An Afternoon Constitutional

It was a good day, one of those featuring a pleasant spring temperature and a sky that was boastfully blue. Since my destination was only about a mile away, I decided to take what my father used to call an afternoon constitutional (defined in his 30-year-old American Heritage Dictionary as a walk taken for one’s health) and daydream on the way. Young undergraduates moved swiftly around me, engaged in their own pressing business. When I turned a corner to reach the Yale Beinecke Rare Book and Manuscript Library, there were more students seated casually at occasional tables, deep into their computers and ignoring passersby. The peace and quiet made the daffodils and tulips stand out. Everybody seemed to appreciate the privilege of enjoying lethargy and calm. I had two thoughts. I wondered about the money and effort taken to create and maintain a campus space so conducive to feeling at ease. Then I recognized the contrast with the reports and debates on daily television.
The Yale Collegium Musicum performs music from Renaissance Italy in Yale’s Beinecke Rare Book and Manuscript Library.
Brigitte Griffith
The Beinecke Library houses a large collection dedicated to rare books and manuscripts and serves as a repository of literary archives. Examples of its holdings are the Gutenberg Bible that dates to 1454 and a 1,250-year-old print of Buddhist prayers from Japan. The library was opened in October 1963 and has steadily become a special place within the university. This is not just because of its holdings, the exquisite courtyard, and its outstanding architecture (like its one-and-a-quarter-inch thick “windows” made of translucent Vermont marble panels that protect the collections from sunlight).

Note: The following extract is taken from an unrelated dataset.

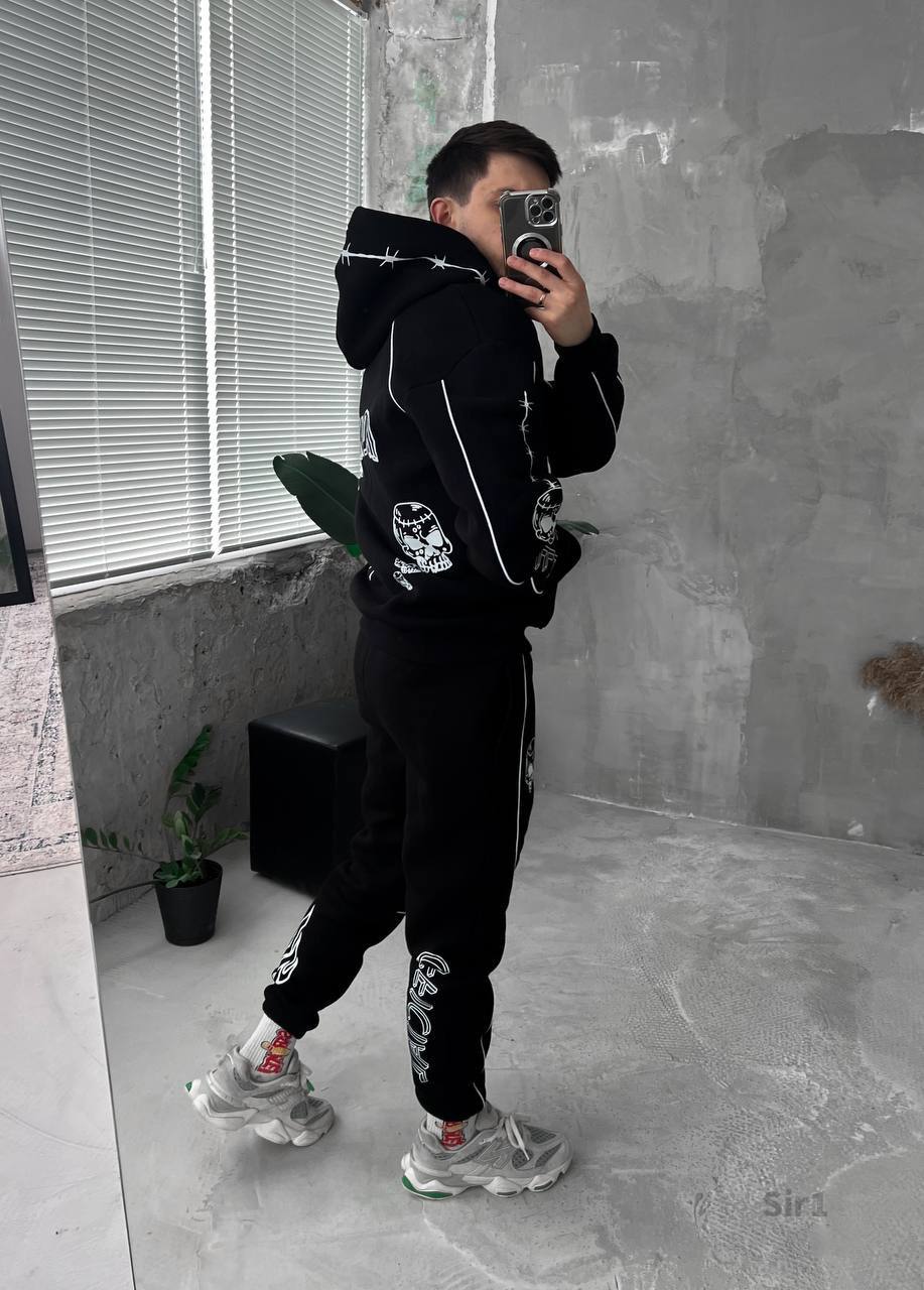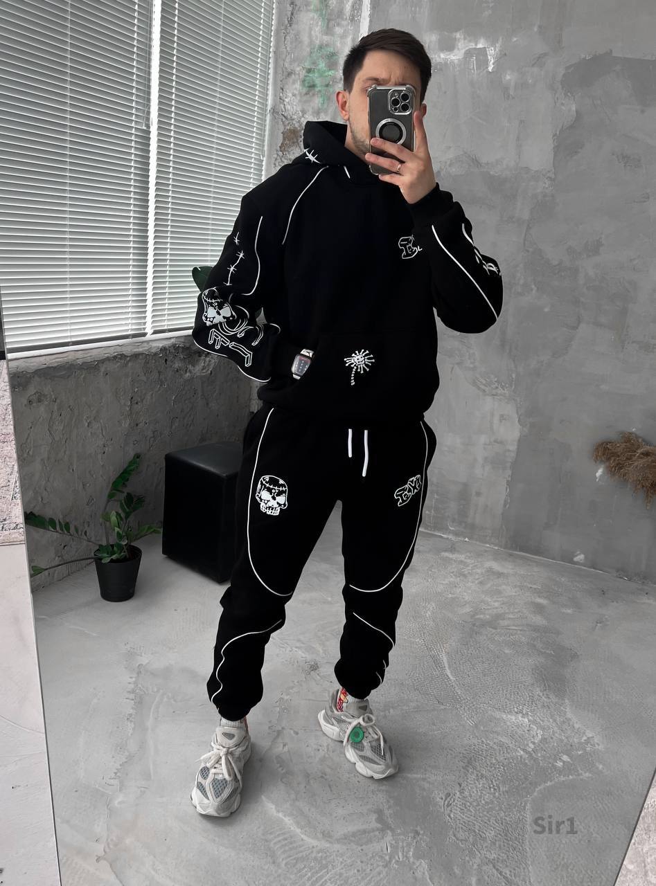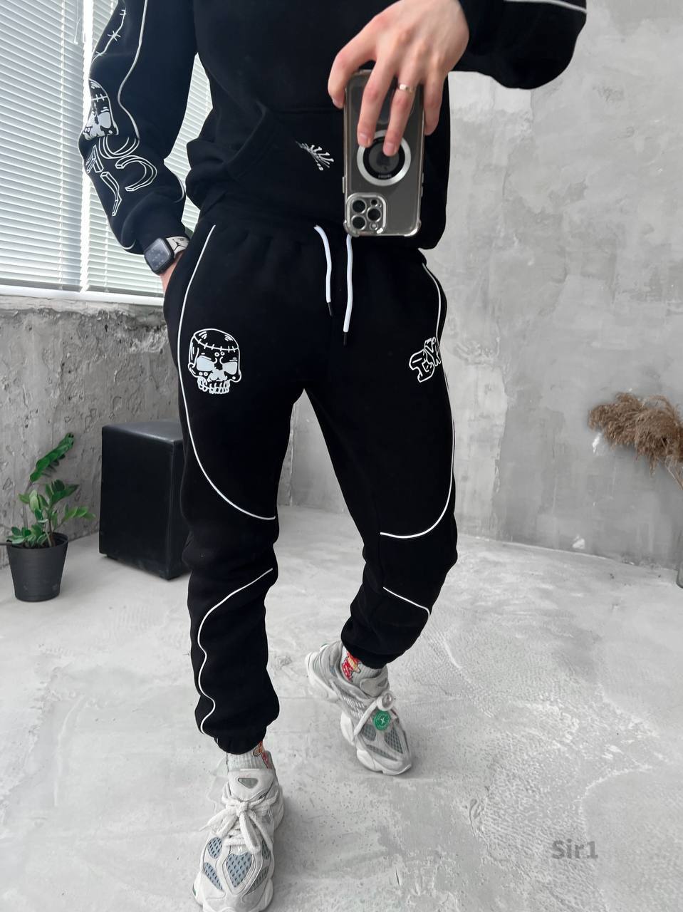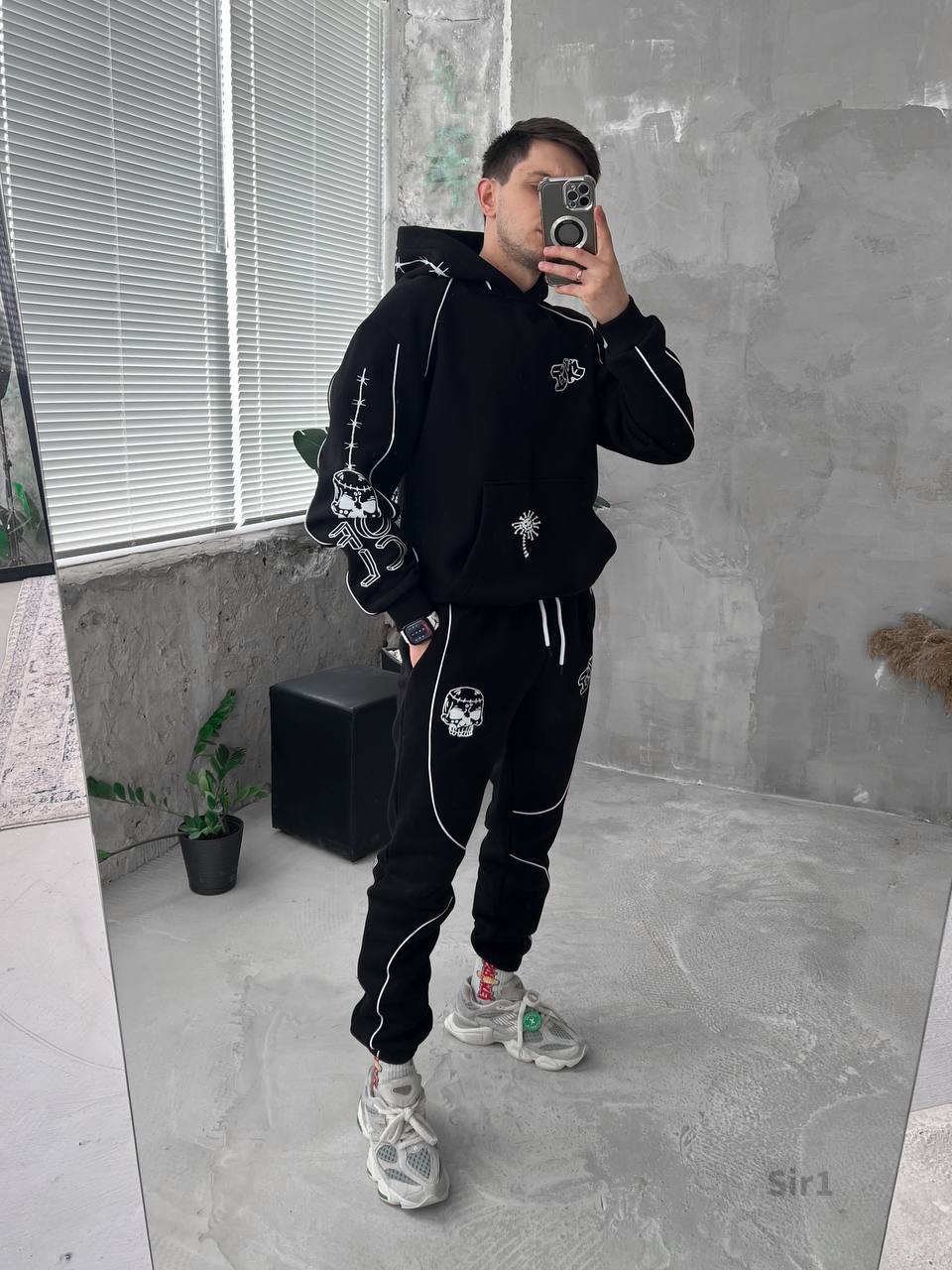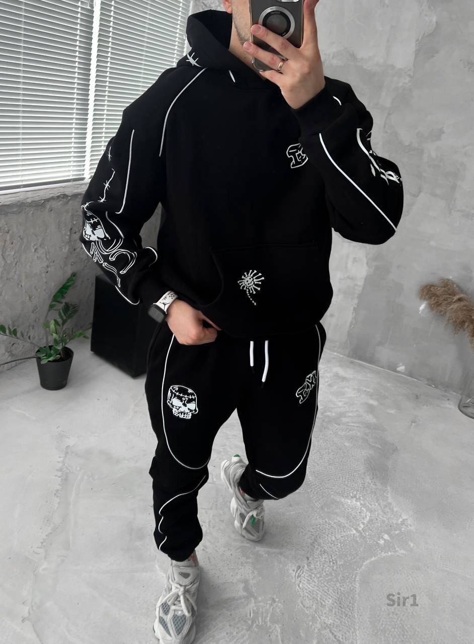 Чоловічий Чорний Спортивний Костюм Оверсайз з Принтами та Кантом – Утеплений на Флісі

The library has earned a reputation for its programs of concerts, readings, and conferences that are diverse and attract students, faculty, and the public. It is easy to see how the Beinecke defines and extends the mission of a university, promoting community unity and quietly enhancing mutual pursuit of intellectual curiosity.
I had set out from home on that recent afternoon to be in the audience at the Beinecke for the Yale Collegium Musicum’s performance of music from Renaissance Italy. Another look into my father’s dictionary informed me that collegium refers to “a group, the members of which pursue shared goals while working within a framework of mutual trust and respect.” The Yale Collegium, featuring both singers and instrumentalists, reportedly gave its first concert in 1943. Its mission was apparently defined as the performance of music from the 12th through the 18th centuries. Not being an aficionado of Italian Renaissance music, I think I was drawn to the concert because of the performance venue and my love of singing. The event also represented a cultural happening, open to the community and free of charge.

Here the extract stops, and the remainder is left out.